The couple has also hired several pet talkers, or animal psychics, who say they can communicate with a pet over the phone and help owners understand it. But still no luck, said Sidhu.
“It's hard to know if it's useful,” he said.

Rover, a dog-watching company, was initially helpful, offering to pay for fliers and searching local websites for Mushie, Sidhu said. The company said that the striker will help them look after Mushie.
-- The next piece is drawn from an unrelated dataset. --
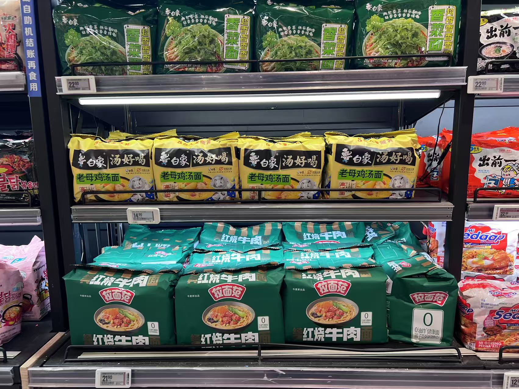 “从这几年方便面的市场动向来看,明显白象的势头要高出一截,统一和康师傅这两大巨头逐渐将白象视作竞争对手,而今麦郎的差距被逐渐拉大。”一位不具名的线下快消零售从业者对界面新闻表示。而另一个食品饮料电商业务从业者则对界面新闻称,白象在电商领域的优势和增长更为明显。

But when they got to him a few days later, the dog keeper said he couldn't track Mushie, Sidhu said, because he was watching another group of dogs.

Sidhu, who works as a civil servant, said he felt Rover didn't do enough to find the dog and only removed the dog handler who lost Mushie from his property after KTLA-TV reached out to Rover for comment.

In a statement sent to The Times, Rover said it had taken several steps to try to find Mushie.

“To support search efforts, we have offered a large reward for information that leads to reuniting Mushie with her family, posted on online pet-finding websites that send alerts directly to local shelters and veterinarians, and reach out to members of our veterinary community. in the area,” said Rover in a statement.

Since the dog disappeared, Sidhu and Casey have reached out to every vet, pet store, library, school and shelter in the area, hoping that their dog will turn up, or that someone will see the hundreds of planes that have left them over the past two months. . They spend weekends and evenings after work looking for him, and have vowed to go door-to-door until they reach every house in the San Fernando Valley to find him, Sidhu said.

Sidhu also had to fend off scam calls from people pretending to own his dog and demanding reward money. Some callers threaten to keep the dog or run Mushie over with their car. Others make fun of him for barking on the phone, he said.

“We got bad calls and had bad communication, but we met more good, kind people than bad,” he said. “So we hope that the right person will help us with Mushie.”

Another thing that the couple is afraid of is that Mushie is staying by himself and waiting for them to come and rescue him, said Sidhu.

“One thing we can't control is our actions, our effort,” he said, “We can't let him go.”